When you decide to sell your home, the process is not as easy as simply putting it up on the market and watching the offers come flooding in. There is more to selling a home, including the inspection. The residential inspection process includes making sure that your home is in the best shape possible to get the fair market sale price.
But it is not just about making sure you have swept the floors and cleaned the walls. Instead, there are smaller but still especially important things that you need to keep in mind when you are getting your home ready for inspection and selling.
What a Seller Should know Before a Home Inspection
Maintenance and Cleanliness: A clean house is an attractive house! You do not want to check out a house with cobwebs and dirt. The first step is to deep clean your home. Hire a cleaning company if necessary. A clean home will provide a better first impression for the inspector. Deep cleaning also gives you the opportunity to see any other problems that could be occurring in your home. This might be dripping faucets, loose doorknobs, and faulty light bulbs. Fix these issues before the inspection.
The exterior of your home should also be maintained. This does not mean you need to paint your home before meeting with an inspector. Wait until you get back the results to make large investments. Instead mow the lawn, trim any plants, and clean the pathways.
Documentation: Warranties and paperwork, such as licenses for the home’s upkeep, any repairs, and improvements will be helpful during and after the inspection. If the inspector has any questions, a repair document may be able to help. If any large issue needs to be fixed, a warranty could help with the cost.
Focus On Functionality: Ensure that the electrical, plumbing, and HVAC systems in your house are each in good operating condition and are not experiencing any sort of problems. Swap out all the air filters, investigate the smoke alarms, and make sure the light switches and electrical outlets are all operating.
The Roof: Search for all signs of damage on the roof. This is vital because ignoring roof issues can be costly. If a roof is damaged, harsh weather can leave it compromised. Search for missing shingles on the roof, any sort of patchwork that has fallen apart, and places that could lead to leaks. To avoid issues that will be caused by standing water, make sure that you or trained professionals clean the gutters and downspouts as well. You might need to replace the gutter system before an inspection.

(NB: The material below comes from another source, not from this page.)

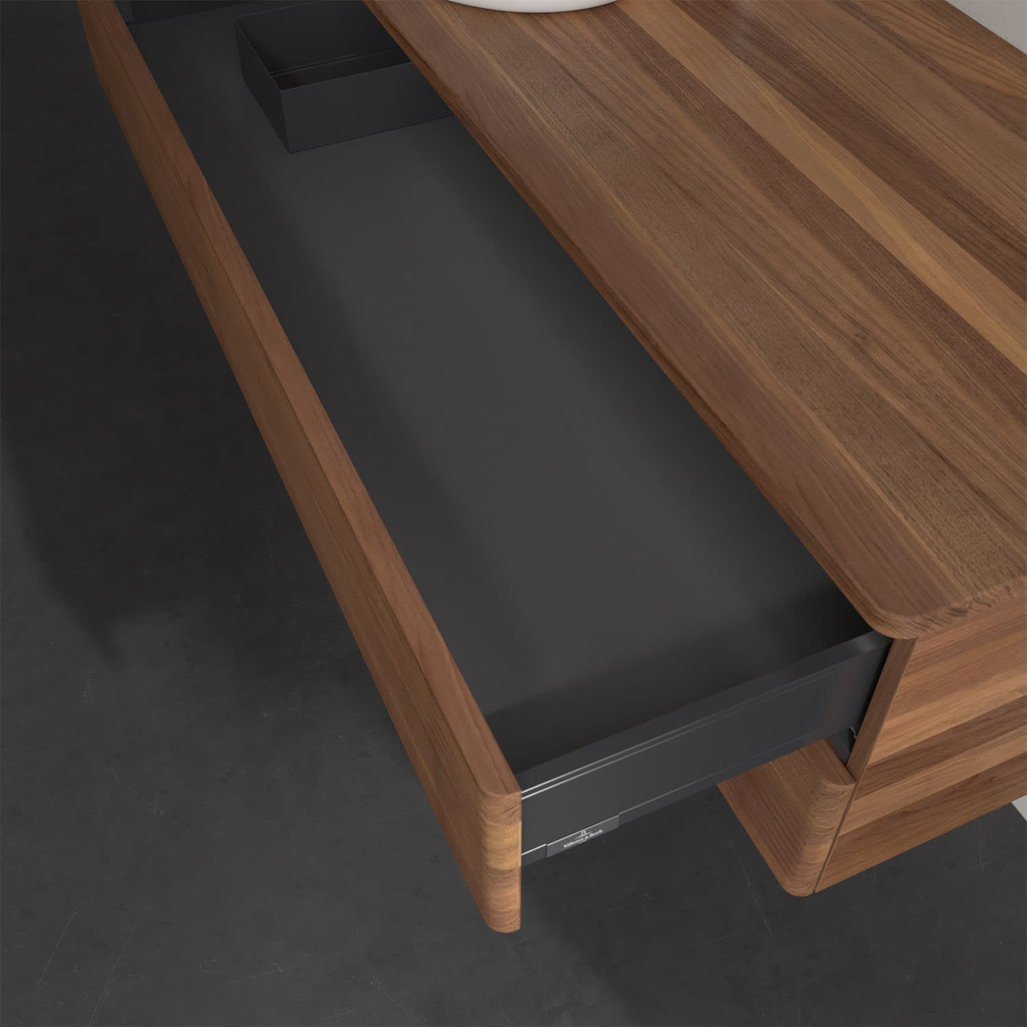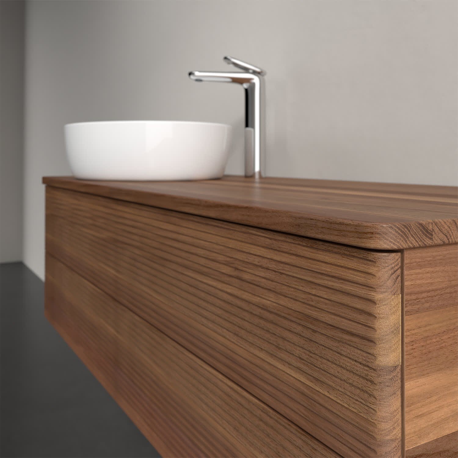 Der wandhängende Antao Waschtischunterschrank von Villeroy & Boch bietet nicht nur jede Menge Stauraum – er ist dank seines naturinspirierten Designs mit seinen abgerundeten Kanten auch noch besonders stilvoll und schafft eine gemütliche Atmosphäre im Badezimmer. Auf der Waschtischplatte bietet sich seitlich des Waschtischs viel Platz für Zahnbürstenbecher oder Seifenspender. Zwei geräumige Auszüge bieten viel Platz, um alles Notwendige zu verstauen und Ordnung zu halten. Öffnen lassen sie sich durch leichten Druck auf die strukturierte Front. Dabei aktiviert sich übrigens die Auszugsbeleuchtung in angenehmem Warmweiß. Dank Vollauszug hat man immer alles im Blick und der Antirutschboden verhindert ein Umfallen oder Verrutschen der Gegenstände. Einfach clever! Für eine besonders leichte Pflege sorgt die mehrschichtig deckend lackierte Oberfläche. Bei der Ausführung in Massivholz wird dank des verarbeiteten Massivholzes jedes Möbel zu einem Unikat, das sich durch das lebendige Naturmaterial durch seine einzigartige Struktur und Maserung auszeichnet.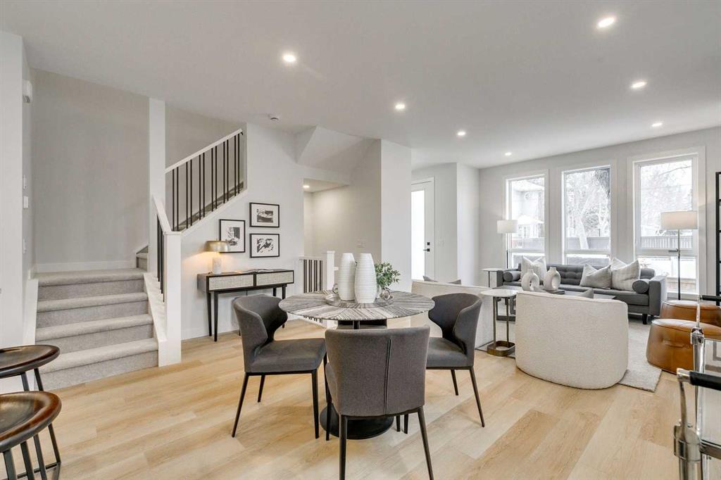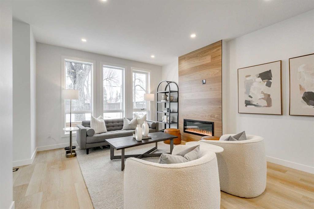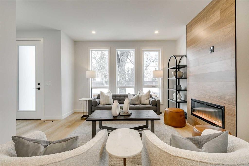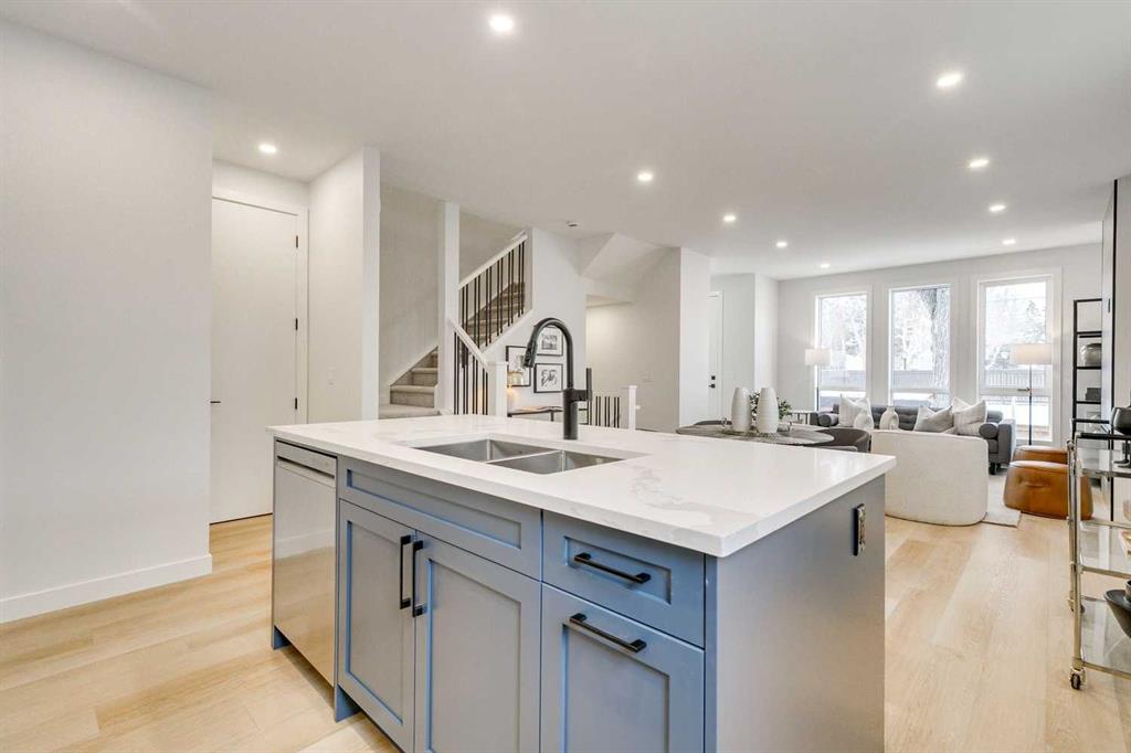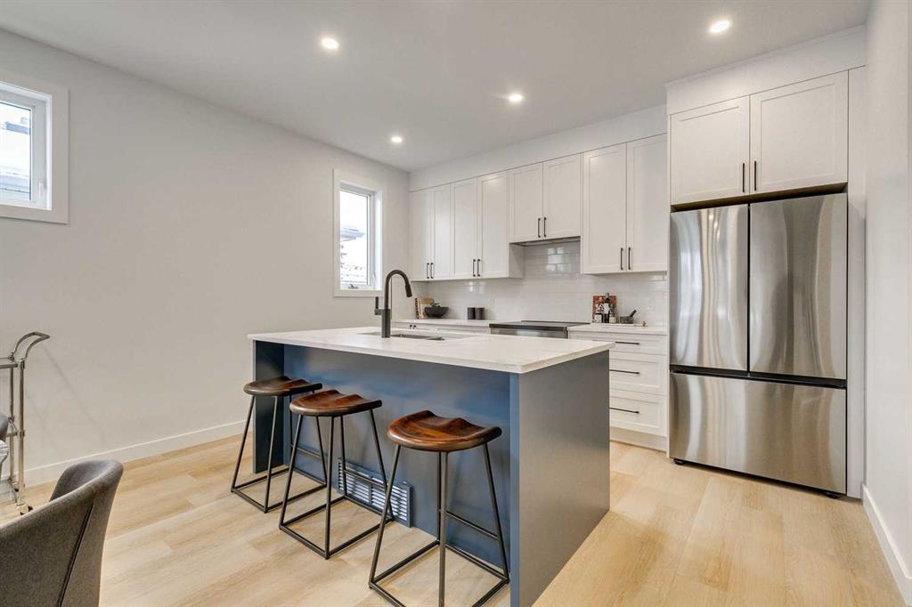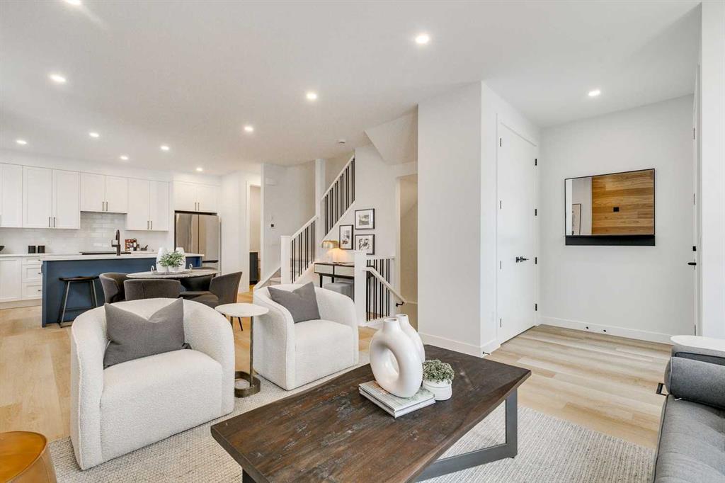 Welcome to 1-440 32 Avenue NW, a newly built 3 bedroom, 3.5 bathroom townhome spanning nearly 2,000 sq. ft. of total developed living space, including a fully finished basement, with 9 foot ceilings throughout situated in the desirable community of Highland Park in Northwest Calgary. The property was constructed by MountainPoint Homes Ltd., a professional builder with decades of experience working on high-end residences across Calgary. The home showcases superior craftsmanship, premium materials, and a design focused on livability and enduring value. The open-concept main floor offers a bright and inviting living area anchored by a sleek fireplace, complemented by a custom-built kitchen with full-height cabinetry, quartz countertops, and a modern appliance package. Thoughtful design and high-quality finishes elevate each detail from the luxury vinyl plank flooring to the precision millwork and thoughtful lighting selections. Upstairs, the primary suite provides a private retreat with a custom walk-in closet and a spa-inspired ensuite bathroom with heated floors. A secondary bedroom with its own ensuite and convenient upper-floor laundry add everyday functionality. The fully developed lower level expands the living space with a large recreation area, wet bar, three-piece bathroom, and spacious guest bedroom perfect for hosting or family living. Built with energy efficient systems, complete with A/C rough-in and durable Hardie board siding, this property is built to provide homeowners with peace of mind while also coming with a comprehensive new home warranty package. Each unit includes its own private detached garage parking. Outside features its own private use patio and fenced yard space complete with a gas line, perfect for barbequing or enjoying summer evenings. Located in Highland Park, one of Calgary’s most central and rapidly revitalizing communities. Minutes from Confederation Park, residents will enjoy easy access to downtown, nearby schools, parks, and major amenities, as well as the welcoming charm of a mature neighbourhood poised for long-term growth.

Attic and Basement: You might not spend time in your attic or basement often. However, they are both areas that your home should be maintained. Your attic and basement are both prone to water leaks or dampness. A water leak can damage the foundation, ceiling, walls, and cause mold in the mold. The issues from water leaks are difficult to fix. Your attic and basement should be inspected regularly, not just when selling your home.
Doors and Windows: Wind drafts are not only uncomfortable but increase your energy bill. Check the windows and doors for wind drafts, cracks, and damages before calling the inspector. Any damages should be fixed.
Plumbing: We often do not pay attention to our plumbing until something goes wrong. Before your home inspection, call a plumber to check for problems you might not see. A leak might not seem like a big deal to you, but it can cause serious detrimental damage to the home and can lessen the value your home has on the market and the interest it receives from buyers.
Search for all signs of any sort of water damage or mold. All of these will certainly cause purchasers to have reservations about buying your property. Beyond that, mold can cause serious health issues for you or the people who live in your home next.
Now would also be a great time to service your home’s HVAC systems. HVAC stands for heating, ventilation, and air conditioning and it is obviously a crucial part of your property, especially during both cold and warm seasons.
And do not forget about the small fixtures in your home that you thankfully rarely use but will always be vital, if disaster strikes. Check out all fire extinguishers, smoke detectors, and carbon monoxide detectors and ensure that each of them is up-to-date and in good working order.
Address Known Problems: If you are aware of any known problems in your home, like a leaking roof or outlets that are not working, it is the time to take care of them. Any little task that you have been putting off or do not consider serious should fixed. You need to contemplate which of these could be a fundamental problem area for your home inspector.
When the inspection comes, attend it in person, or provide your contact information. This will give the home inspector a chance to talk to you about things and ask any questions they might have. This could ensure that the process goes smoothly and without delay.
Get a Home Energy Score: If you live in Bend, Oregon then getting a Home Energy Score is required when selling your home. But what is a green energy score?
“A Home Energy Score provides an energy efficiency rating for a home, similar to a miles per gallon rating for vehicle or nutrition facts on a food product. It uses a standardized tool to assess a homes structure, heating and cooling systems, and other energy-related features to produce an efficiency score.” –City of Bend
This allows buyers to compare the energy score between homes. You may learn where to make cost-effective improvements, so your home is more appealing to buyers. When you are choosing a home inspector, make sure they are also Home Energy Assessors.
Home Inspection in Bend, Prineville, and Redmond, Oregon
An in-depth inspection of your house could increase the trust of a potential buyer and even result in a faster sale and a higher price. Taking care of all these details could have a very favorable impact on the perception that home inspectors – and potential buyers – have of your house.